▶ Supplied material
——————————

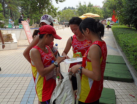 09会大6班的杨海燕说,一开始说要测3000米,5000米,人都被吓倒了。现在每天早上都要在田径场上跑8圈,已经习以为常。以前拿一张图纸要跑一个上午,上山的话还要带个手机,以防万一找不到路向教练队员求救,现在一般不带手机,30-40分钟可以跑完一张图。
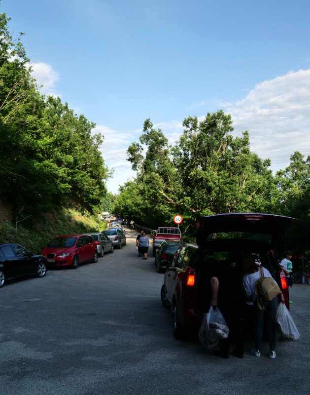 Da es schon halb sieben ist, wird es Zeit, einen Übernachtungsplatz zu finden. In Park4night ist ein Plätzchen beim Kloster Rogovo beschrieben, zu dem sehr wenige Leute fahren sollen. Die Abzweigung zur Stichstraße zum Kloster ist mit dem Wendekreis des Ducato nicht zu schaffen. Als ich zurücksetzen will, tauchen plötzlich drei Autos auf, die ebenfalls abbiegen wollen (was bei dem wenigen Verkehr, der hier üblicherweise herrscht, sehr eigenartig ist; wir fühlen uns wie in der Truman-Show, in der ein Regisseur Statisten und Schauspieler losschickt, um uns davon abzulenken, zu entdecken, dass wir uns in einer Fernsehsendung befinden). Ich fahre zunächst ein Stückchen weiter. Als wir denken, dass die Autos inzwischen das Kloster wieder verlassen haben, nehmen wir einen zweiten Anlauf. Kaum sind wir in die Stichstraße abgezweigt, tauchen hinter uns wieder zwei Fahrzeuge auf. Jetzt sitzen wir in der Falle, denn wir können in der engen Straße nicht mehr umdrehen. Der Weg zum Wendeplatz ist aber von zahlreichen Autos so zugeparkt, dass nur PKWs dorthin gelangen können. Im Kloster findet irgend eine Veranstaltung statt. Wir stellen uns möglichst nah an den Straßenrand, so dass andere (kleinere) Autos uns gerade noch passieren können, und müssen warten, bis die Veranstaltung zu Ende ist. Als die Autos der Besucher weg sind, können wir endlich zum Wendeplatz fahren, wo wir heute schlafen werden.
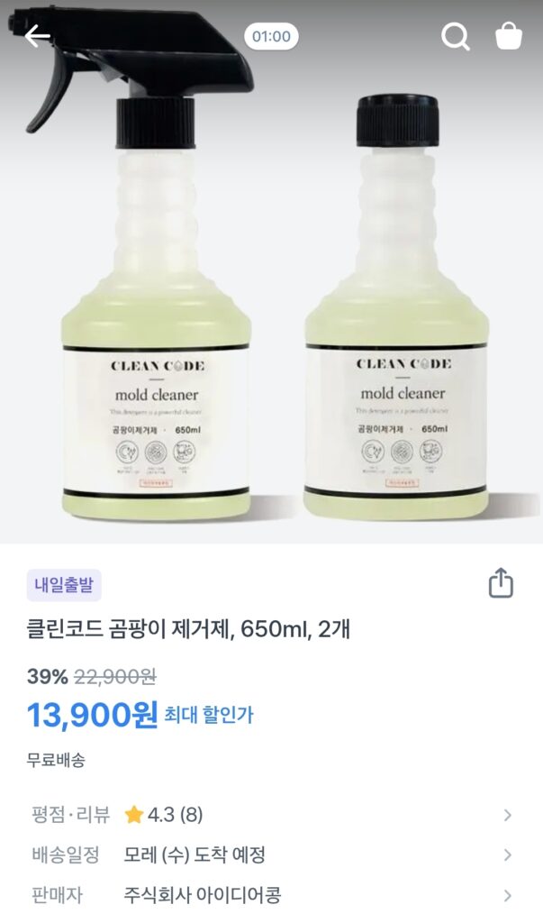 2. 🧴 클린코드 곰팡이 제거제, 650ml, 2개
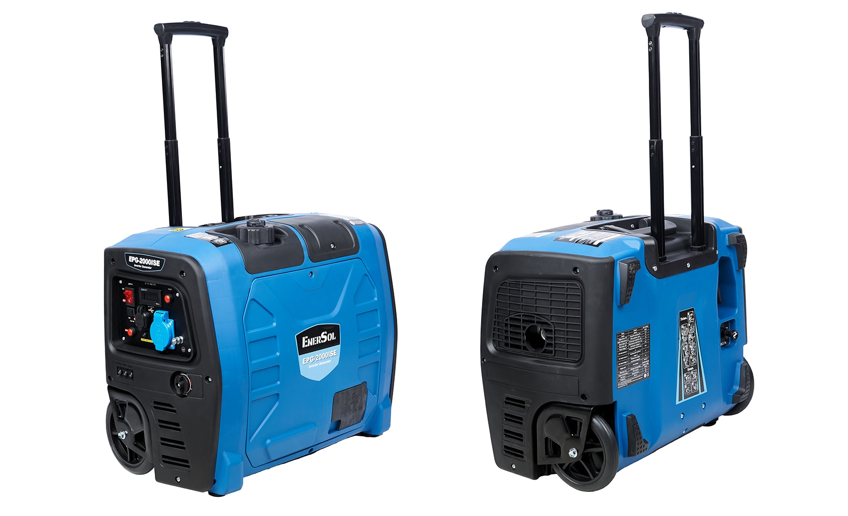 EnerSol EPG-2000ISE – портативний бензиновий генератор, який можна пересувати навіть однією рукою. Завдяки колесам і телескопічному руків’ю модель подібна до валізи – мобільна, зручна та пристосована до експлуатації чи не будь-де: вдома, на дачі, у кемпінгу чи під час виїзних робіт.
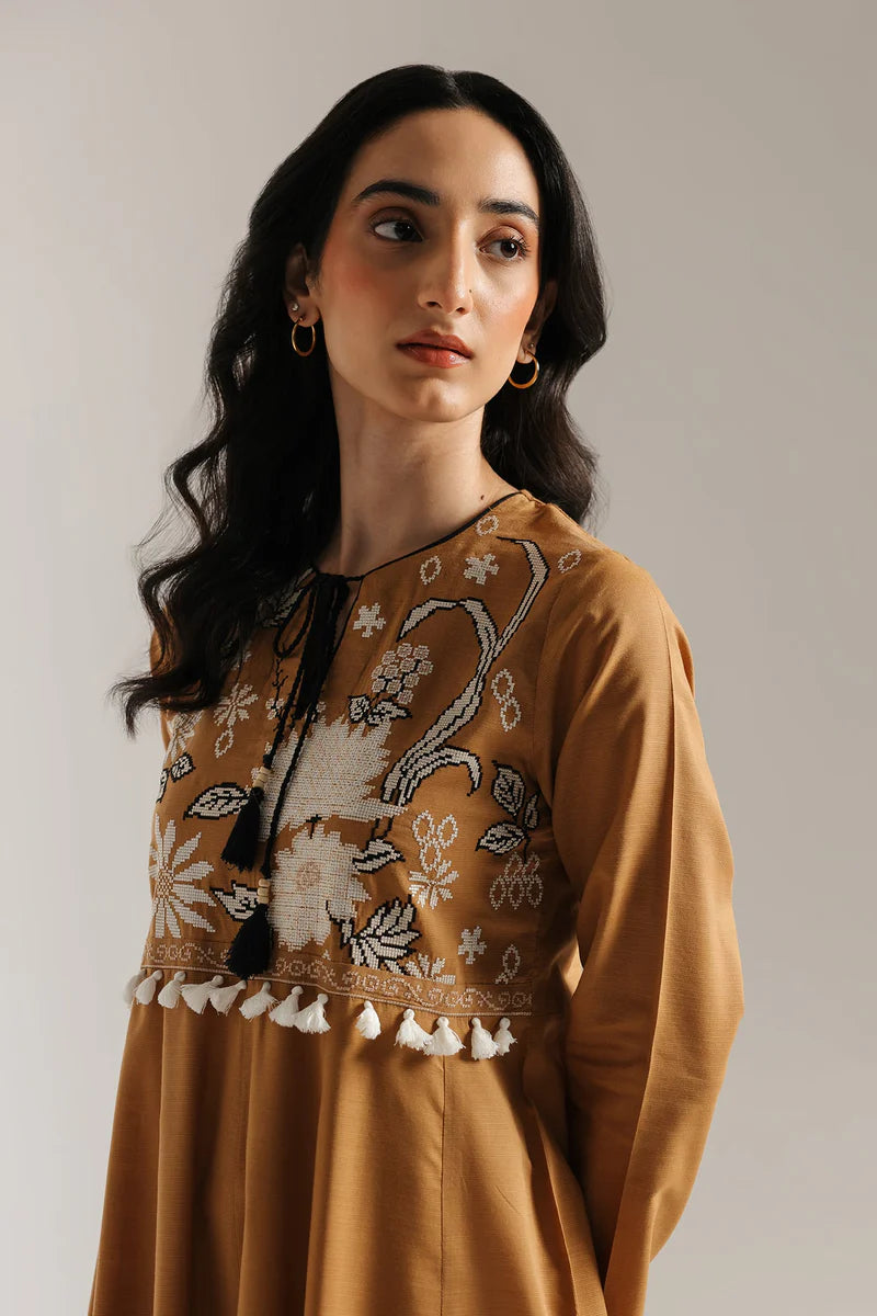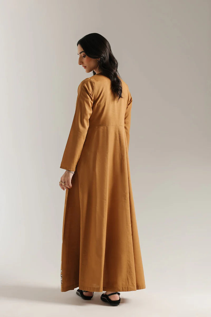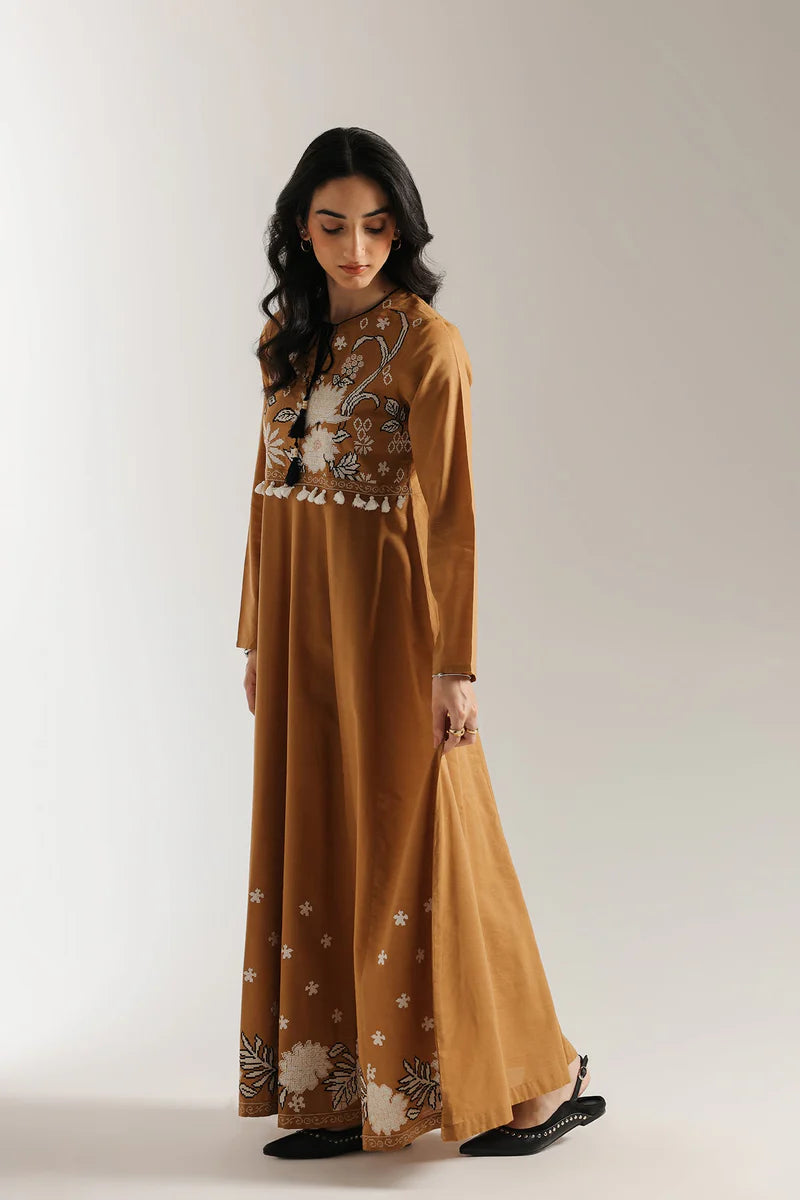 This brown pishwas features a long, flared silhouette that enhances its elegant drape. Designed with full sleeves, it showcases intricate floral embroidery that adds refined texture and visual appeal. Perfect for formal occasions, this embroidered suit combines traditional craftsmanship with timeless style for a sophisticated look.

——————————

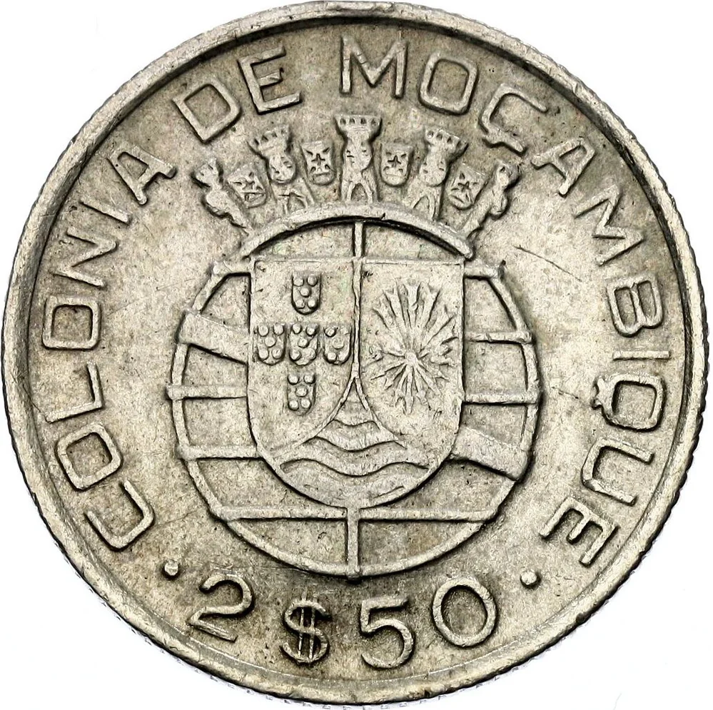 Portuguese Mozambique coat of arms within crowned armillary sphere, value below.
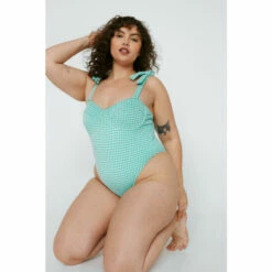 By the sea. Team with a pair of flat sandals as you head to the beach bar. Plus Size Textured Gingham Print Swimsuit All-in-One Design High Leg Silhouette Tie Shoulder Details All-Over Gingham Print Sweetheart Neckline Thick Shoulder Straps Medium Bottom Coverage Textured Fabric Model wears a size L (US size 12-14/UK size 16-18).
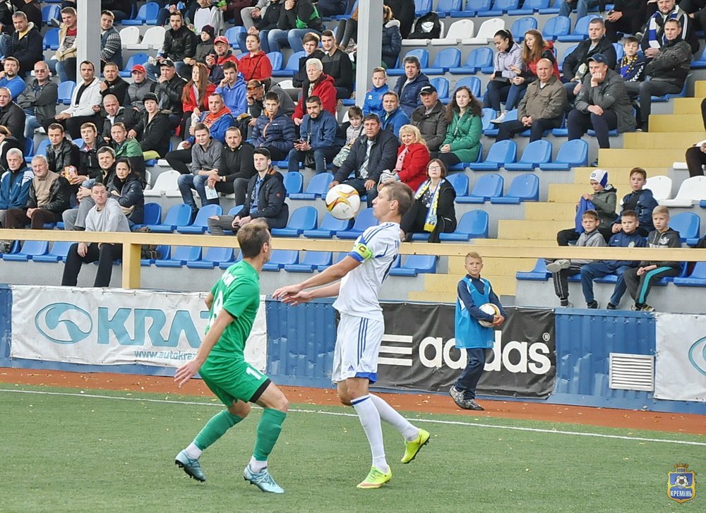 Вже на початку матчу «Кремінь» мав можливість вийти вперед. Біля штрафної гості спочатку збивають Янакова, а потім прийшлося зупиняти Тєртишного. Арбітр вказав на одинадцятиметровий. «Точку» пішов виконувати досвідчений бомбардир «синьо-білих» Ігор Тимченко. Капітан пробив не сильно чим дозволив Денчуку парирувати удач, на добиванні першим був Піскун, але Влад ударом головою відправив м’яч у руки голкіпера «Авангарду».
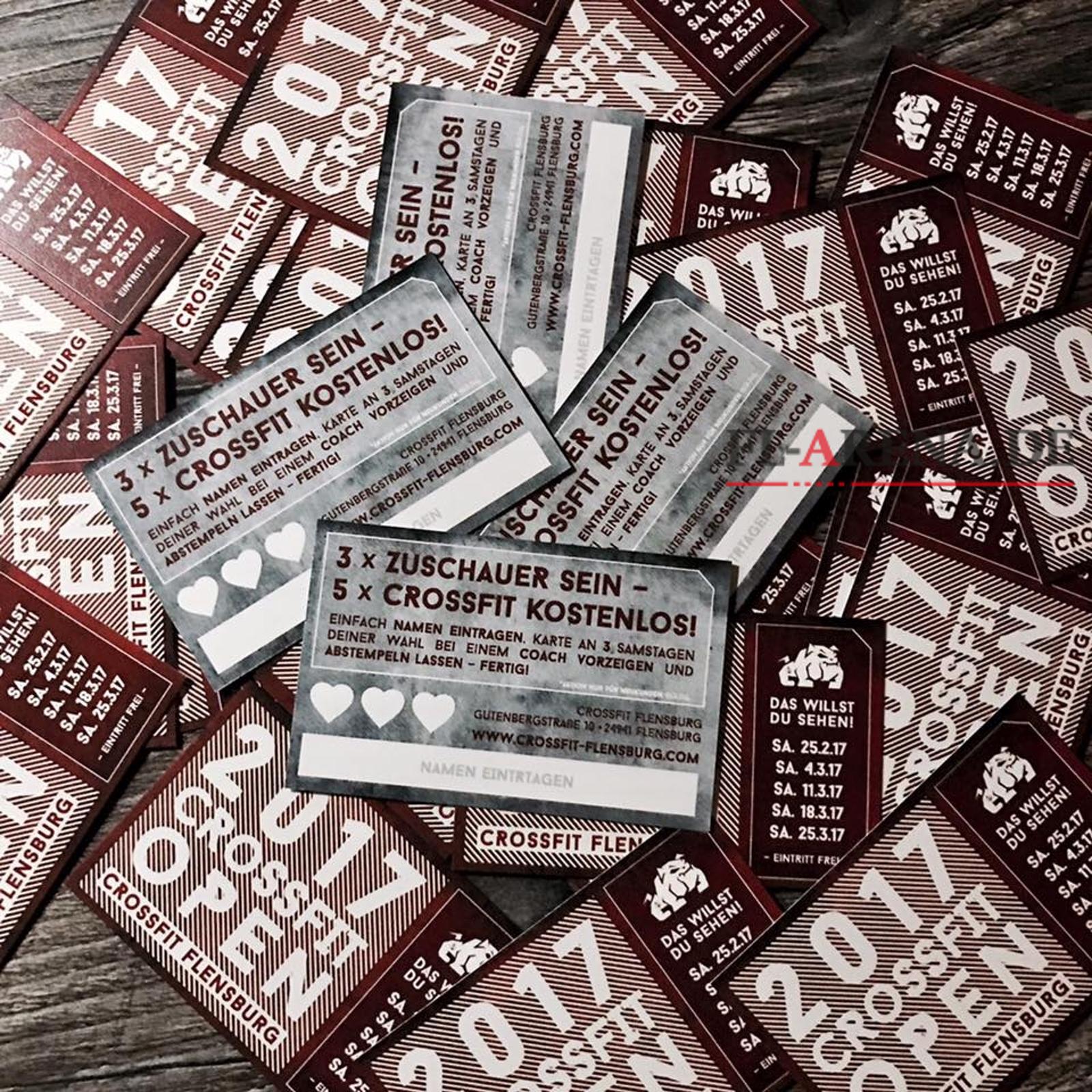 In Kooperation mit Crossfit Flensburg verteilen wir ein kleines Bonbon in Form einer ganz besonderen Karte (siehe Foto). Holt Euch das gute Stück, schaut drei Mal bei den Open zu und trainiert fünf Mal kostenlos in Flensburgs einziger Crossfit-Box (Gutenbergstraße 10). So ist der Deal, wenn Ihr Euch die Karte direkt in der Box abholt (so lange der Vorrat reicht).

——————————

▶ What this task involves
Using the entries above, write out exactly the lines from the one with "Da es schon" through the one with "This brown pishwas", ends included. Leave out any pictures.

▶ Answer
 Da es schon halb sieben ist, wird es Zeit, einen Übernachtungsplatz zu finden. In Park4night ist ein Plätzchen beim Kloster Rogovo beschrieben, zu dem sehr wenige Leute fahren sollen. Die Abzweigung zur Stichstraße zum Kloster ist mit dem Wendekreis des Ducato nicht zu schaffen. Als ich zurücksetzen will, tauchen plötzlich drei Autos auf, die ebenfalls abbiegen wollen (was bei dem wenigen Verkehr, der hier üblicherweise herrscht, sehr eigenartig ist; wir fühlen uns wie in der Truman-Show, in der ein Regisseur Statisten und Schauspieler losschickt, um uns davon abzulenken, zu entdecken, dass wir uns in einer Fernsehsendung befinden). Ich fahre zunächst ein Stückchen weiter. Als wir denken, dass die Autos inzwischen das Kloster wieder verlassen haben, nehmen wir einen zweiten Anlauf. Kaum sind wir in die Stichstraße abgezweigt, tauchen hinter uns wieder zwei Fahrzeuge auf. Jetzt sitzen wir in der Falle, denn wir können in der engen Straße nicht mehr umdrehen. Der Weg zum Wendeplatz ist aber von zahlreichen Autos so zugeparkt, dass nur PKWs dorthin gelangen können. Im Kloster findet irgend eine Veranstaltung statt. Wir stellen uns möglichst nah an den Straßenrand, so dass andere (kleinere) Autos uns gerade noch passieren können, und müssen warten, bis die Veranstaltung zu Ende ist. Als die Autos der Besucher weg sind, können wir endlich zum Wendeplatz fahren, wo wir heute schlafen werden.
 2. 🧴 클린코드 곰팡이 제거제, 650ml, 2개
 EnerSol EPG-2000ISE – портативний бензиновий генератор, який можна пересувати навіть однією рукою. Завдяки колесам і телескопічному руків’ю модель подібна до валізи – мобільна, зручна та пристосована до експлуатації чи не будь-де: вдома, на дачі, у кемпінгу чи під час виїзних робіт.
 This brown pishwas features a long, flared silhouette that enhances its elegant drape. Designed with full sleeves, it showcases intricate floral embroidery that adds refined texture and visual appeal. Perfect for formal occasions, this embroidered suit combines traditional craftsmanship with timeless style for a sophisticated look.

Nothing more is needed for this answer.